To receive a property as a gift, it is mandatory that one must reside in it for a duration of three years, and should not hold any interest in another property. Herein enters the concept of a “dependent relative”. Your sister-in-law will not be obliged to pay any capital acquisitions tax (CAT or gift/inheritance tax), provided she falls under the definition of a dependent relative.

This could be either if she cannot sustain herself due to a physical or mental disability, resulting in her entire and perpetual incapacity, or if she is above 65 years old at the time of receiving the gift. Considering that she is already 76 and is leading an independent life, the latter seems more valid in this instance.

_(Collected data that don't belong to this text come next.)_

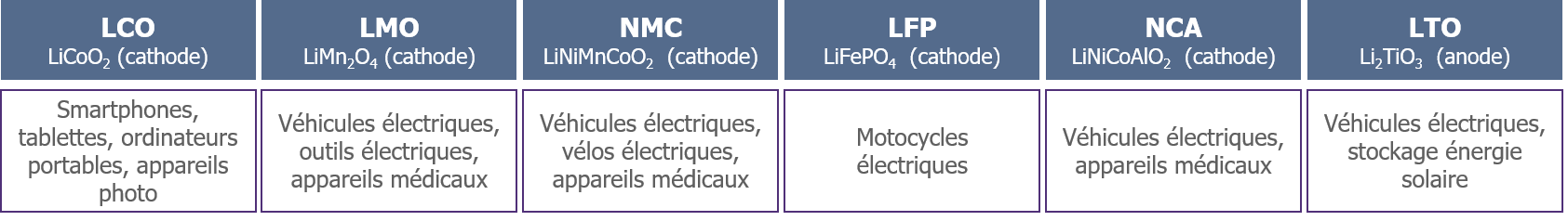 Les 6 principaux types d’accumulateurs lithium-ion, la formule chimique de la technologie (qui correspond souvent à la composition de la cathode) et leurs applications sont résumés ci-dessous :
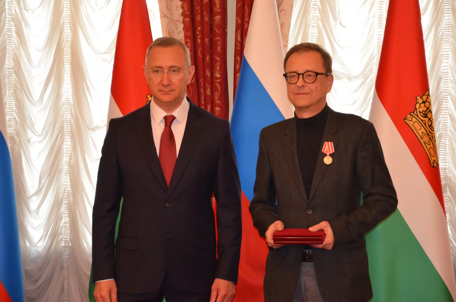«Для меня сегодня большая честь и удовольствие вручить вам государственные и областные награды как знак признания вашего вклада в развитие Калужской области и нашей родной России. Поздравляю вас!» - обратился к виновникам торжества губернатор Владислав Шапша.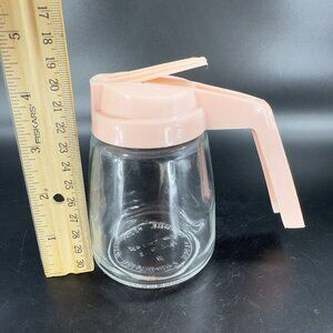 Vintage Federal Housewares 12 oz Glass Syrup Dispenser w Pink Plastic Lid Retro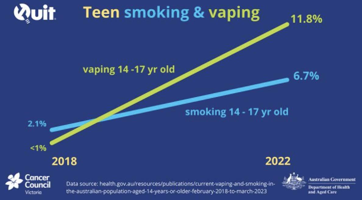 More recently a new threat to public health has emerged – VAPING. Data analysed by Cancer Council Victoria’s Centre for Behavioural Research in Cancer shows sharp increases in the use of e-cigarettes (a.k.a vapes) by young people, including teenagers. Not only are we seeing increases in vaping among young people, there are recent signs that smoking among young people may also be on the rise! Research by the Australian National University has found that young people who vape are about three times as likely to take up smoking.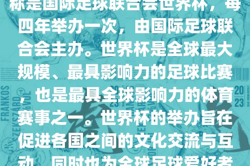世界杯是一项具有全球影响力的体育盛事,它不仅促进了足球运动的发展和普及,也促进了各国之间的文化交流与互动,作为球迷们翘首以盼的盛事,它为世界各地的足球爱好者带来了一场难忘的足球盛宴。
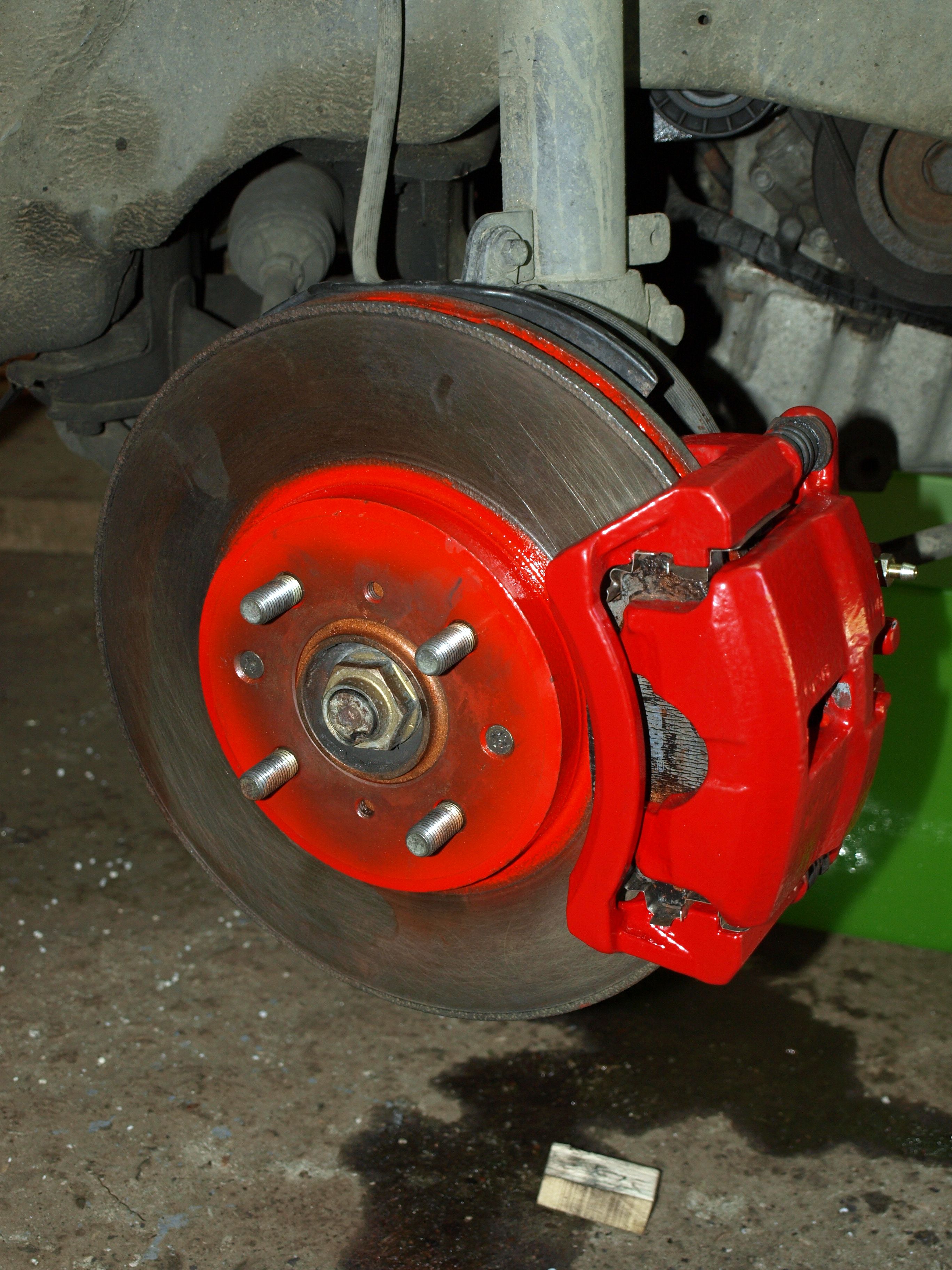Přední brzdy jsou na autě, vypadá to parádňácky :-) Ale budu muset asi ještě odvzdušňovat a taky zřejmě vyměním jeden čep. Jeden z čepů na brzdiči je s takovou gumovou objímkou uvnitř, ale na jednom z brzdičů je to moc tuhý a desky dost drhnou. Tak ho asi nahradím obyčejným, akorát že to bude mít větší vůli. A nebo z toho tu gumku sundám.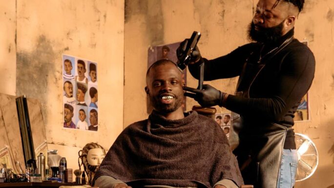 Inspiré par l’histoire d’un barbier de Leeds, ancienne cité industrielle du Nord de l’Angleterre, Barber Shop Chronicles invite le public au coeur d’un salon de barbier, lieu de sociabilité et des mémoires vives de la diaspora africaine. La pièce du poète anglo-nigérian Inua Ellams ouvre les portes d’un espace intergénérationnel, où l’on entend résonner le wolof, le lingala, le soninké, le bambara et le bamiléké. Les plaisanteries peuvent être acerbes mais elles visent juste. Business, relations avec les parents, amour et politique s’enchevêtrent dans des récits portés par le verbe haut et l’humour de ces hommes qui trouvent chez le barbier un espace de soin, mais aussi d’écoute et de conseil. À défaut de pouvoir couper vos cheveux, raser votre barbe ou tailler votre moustache, installez-vous confortablement pour un voyage entre Abidjan, Bruxelles, Dakar et Kinshasa !

Furthermore, there is no necessity for the receiver to reside with the donor, nor does the gifted property need to be the primary family residence. That being noted, there seems to be no reason in inheritance tax legislation that could prevent your brother from gifting his property to his sister while he is alive. This would undoubtedly be beneficial from a financial viewpoint, given that she will have no tax obligation.

That being said, there may indeed be a tax expectation. From your husband’s view, this is a secondary property, thus, it is not exempt from capital gains tax like a family home would be. Should he transfer the property to his sister, he will need to check if he is accountable for capital gain tax based on the difference in value when he gained ownership of the property and its value at present.

If he gained possession before 2003, he could potentially apply an inflation multiplier to adjust for increased costs, however, this option is not available after 2003. The year he acquired the property influences the multiplier. Outlays such as legal fees related to the transfer would be deductible against any capital gain as would any expenses made to improve the property beyond maintenance, repair and general care. The first £1,270 of any gain will be tax exempt, with any surplus taxed at a 33% rate.

Naturally, if he retains the property till his demise, the capital gain would also expire with him. However, this leaves his sister-in-law vulnerable to inheritance tax. On the matter of stamp duty, indeed, a fee will be due, expected to be covered by your sister-in-law. This fee equates to 1 per cent of the property’s value. So, it’s clear that there is a remarkable divergence in the financial implications depending on whether your husband chooses to present this property to his sister outright or waits for her to acquire it through his will post his passing. This notable difference primarily involves who bears the burden of taxation.